I often see media coverage of effective altruism that says "effective altruists want to maximise the number of QALYs in the world." (e.g. London Review of Books).
This is wrong. QALYs only measure health, and health is not all that matters. Most effective altruists care about increasing the number of "WALYs" or well-being adjusted life years, where health is just one component of wellbeing.
(Some effective altruists also care about goods besides welfare, such as the environment and justice. Depending on your view of population ethics, you might also distinguish between achieving WALYs by improving lives vs. adding to the number of people alive).
This is a bad misconception since it makes it look like we have a laughably narrow view of what's good. Even a hardcore hedonistic utilitarian would at least care about *happiness* rather than just health, and very few people are hedonistic utilitarians.
Why does effective altruism get misinterpreted as thinking we only care about QALYs?
1) Sometimes community members actually say "we want to maximise the number of QALYs". I think we should stop doing this. Instead say something more like: "we want to maximise the number of people who have good lives", or just "maximise the good we do" and then if someone asks what "good" means, you can say it's people having happy or flourishing lives.
2) Sometimes when people ask us "how do you measure 'good'?" we talk about QALYs as an example. This is what happens in Will's book. I think this is a reasonable move - the idea of QALYs is really important to introduce to new people - but it can create the impression that you only care about QALYs. The QALY bit will be the most memorable, and people won't remember your disclaimers. This means if you're explaining QALYs you need to put a lot of emphasis on how that's not all that matters. You can do this by instead leading with "you can measure your impact by choosing good proxies within the cause you're working in e.g. in health there's QALYs, in education you can look at improvements in test scores and income, in economic empowerment programs you can look at income change, and so on. Use the best proxies you have available." Alternatively you can introduce the idea of QALYs, but then point out what we ultimately care about is welfare; it's just that right now health is the cause where quantification is easiest.

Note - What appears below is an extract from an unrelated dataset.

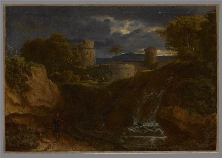 Laveissière a proposé d'y voir une oeuvre du XVIIIe (communication orale, septembre 1999). ; Rejeté de l'oeuvre de Gaspard Dughet par M.-N. Boisclair. Le nom de Francisque Millet, proposé sur le cartel du musée, est écarté par B. Biard (communication écrite, 22 décembre 1995). Il semble prudent de classer ce tableau et les deux autres dans la suite de Dughet, dont la production fut largement imitée.

Edit: I don't propose publicly promoting and using the term "WALYs" - just bear in mind "WALYs not QALYs" to help you remember. (My suggestions about what to say publicly are just above in 1 and 2).
Excellent point!
Especially if we consider the layman's definition of what health is: "being free from illness or injury". This definition opens up the promotion of health to the same kind of objections that fells Negative Utilitarianism, namely: if all that mattered was reducing suffering, isn't the easiest way to do so merely getting rid of all the sentient beings?
We should be open to the possibility that making the world less ill might also make it worse off, if there was also a simultaneous loss of those other things of value besides health that offset the reduction of illness.
We should be clear that when we focus on QALY's it is only because it (arguably) is one of the most tractable ways of promoting well-being.